### Task goal
Repeat these records exactly, pictures excluded.

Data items
┌──
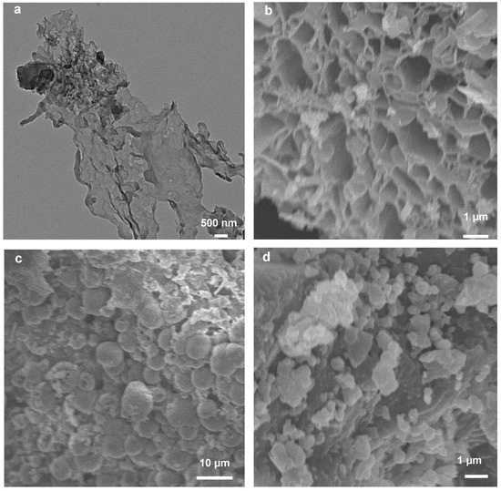 The scanning electron microscope (SEM) and transmission electron microscope (TEM) images of GWS180M800 are shown in Figure 1a,b. Figure 1c,d show the SEM results of the catalysts GWS180M and GWS800, respectively. It can be seen from the SEM image that the melamine and the walnut green peel will be hydrothermally combined, and the combination will collapse to form a honeycomb porous structure during the high-temperature carbonization process. The SEM images of GWS800 and WS180M800 show a block structure, so melamine has an important influence on the formation of the porous structure of the catalyst. In addition, the TEM image further shows that the prepared WS180M800 becomes thinner, which is consistent with the result of the SEM honeycomb structure.
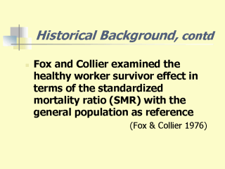 Trying to measure the magnitude of HWE, fox and collier used Standardized Mortality ratio.
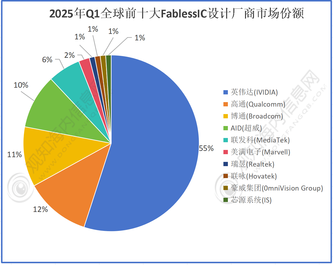 2025Q1全球前十大FablessIC设计厂商市场份额
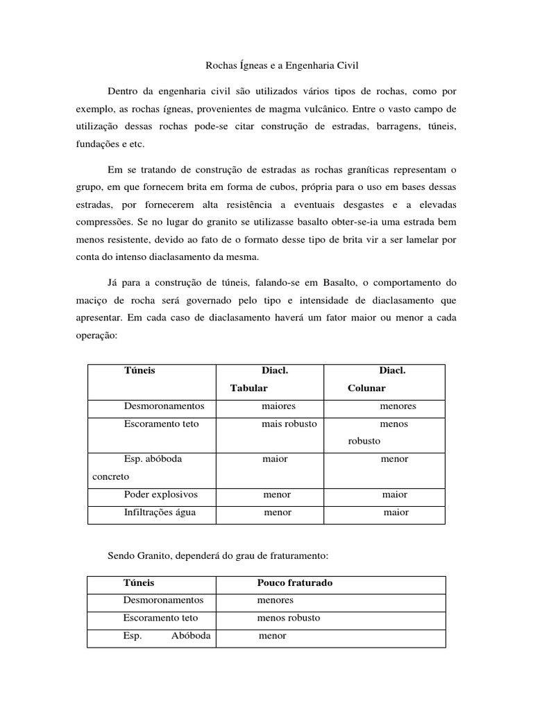 Dentro da engenharia civil so utilizados vrios tipos de rochas, como por
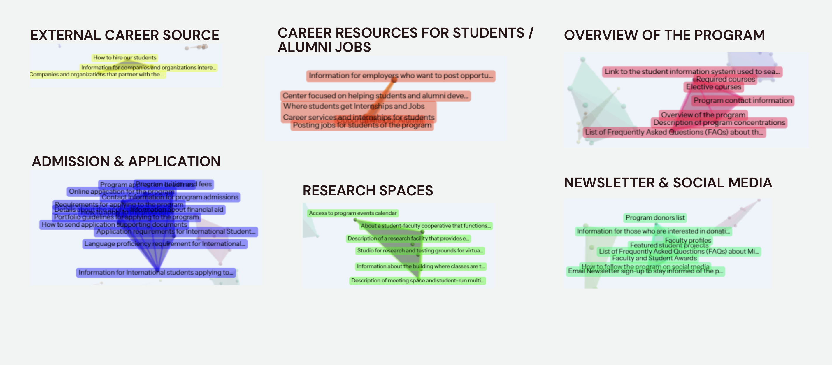 Application requirements for international students" and "Information for international students applying to the program" were frequently paired, reflecting a strong user expectation that information related to international applications should be grouped together.
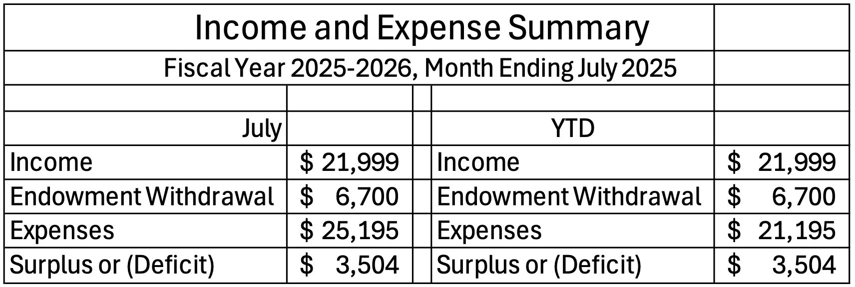Income and Expense Summary
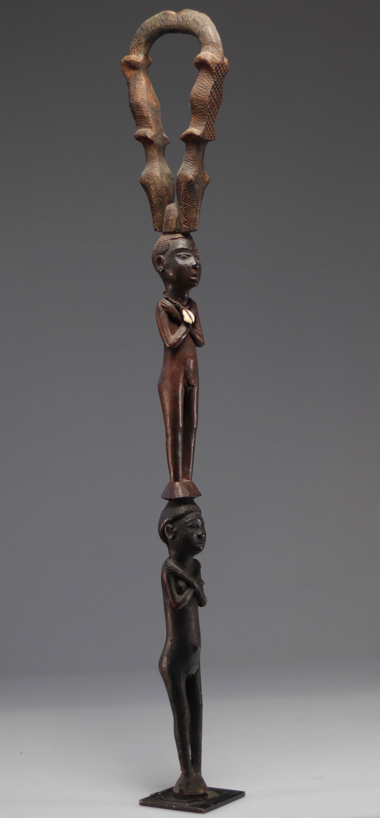 Cane carved with 2 figures, Congo
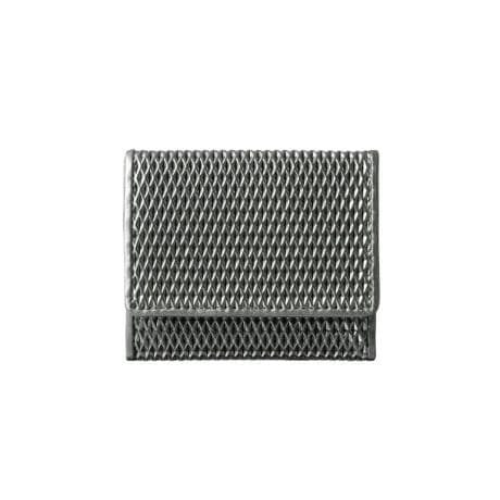 クロム鞣しの牛革にメタリック塗装をし、ダイヤ形の深い型押しを施しています。
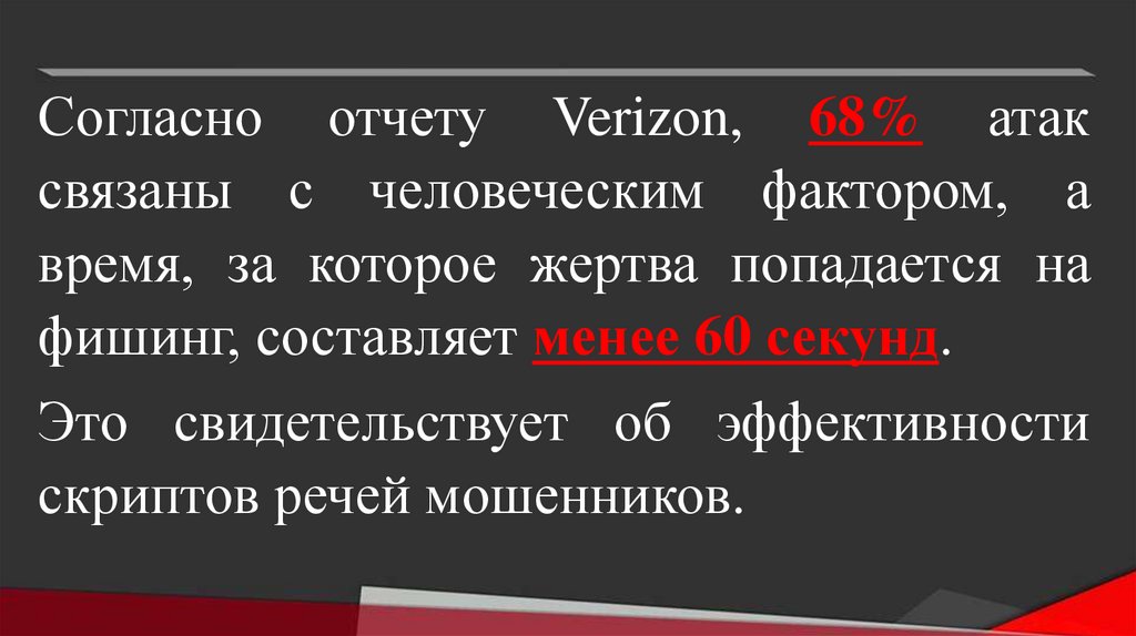 Согласно отчету Verizon, 68% атаксвязаны с человеческим фактором, а
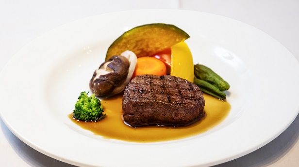 岡山県産和牛のうまみたっぷり、肉厚なステーキに
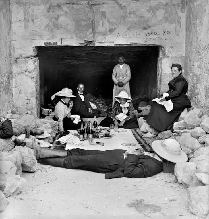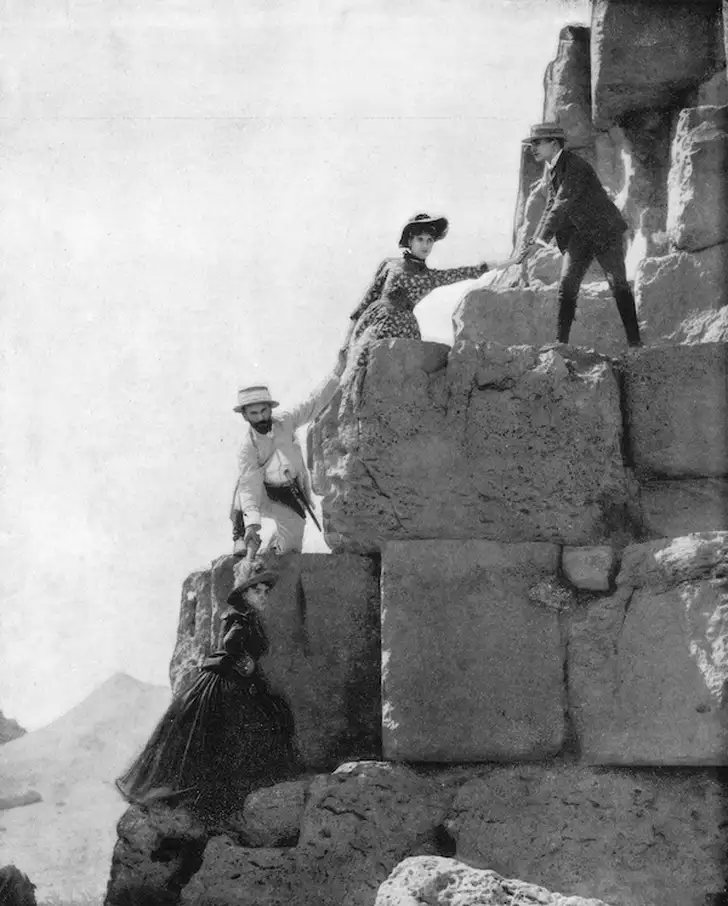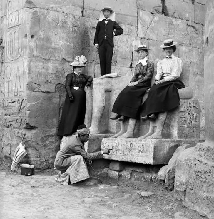 Onder meer de beroemde piramides van Gizeh werden rond 1900 al druk bezocht. Misschien deden ze dat niet met het meeste respect voor de cultuur, maar het leverde wel een aantal fantastische vintage beelden op:
└──
### Your response
 The scanning electron microscope (SEM) and transmission electron microscope (TEM) images of GWS180M800 are shown in Figure 1a,b. Figure 1c,d show the SEM results of the catalysts GWS180M and GWS800, respectively. It can be seen from the SEM image that the melamine and the walnut green peel will be hydrothermally combined, and the combination will collapse to form a honeycomb porous structure during the high-temperature carbonization process. The SEM images of GWS800 and WS180M800 show a block structure, so melamine has an important influence on the formation of the porous structure of the catalyst. In addition, the TEM image further shows that the prepared WS180M800 becomes thinner, which is consistent with the result of the SEM honeycomb structure.
 Trying to measure the magnitude of HWE, fox and collier used Standardized Mortality ratio.
 2025Q1全球前十大FablessIC设计厂商市场份额
 Dentro da engenharia civil so utilizados vrios tipos de rochas, como por
 Application requirements for international students" and "Information for international students applying to the program" were frequently paired, reflecting a strong user expectation that information related to international applications should be grouped together.
Income and Expense Summary
 Cane carved with 2 figures, Congo
 クロム鞣しの牛革にメタリック塗装をし、ダイヤ形の深い型押しを施しています。
 Согласно отчету Verizon, 68% атаксвязаны с человеческим фактором, а
 岡山県産和牛のうまみたっぷり、肉厚なステーキに
 Onder meer de beroemde piramides van Gizeh werden rond 1900 al druk bezocht. Misschien deden ze dat niet met het meeste respect voor de cultuur, maar het leverde wel een aantal fantastische vintage beelden op:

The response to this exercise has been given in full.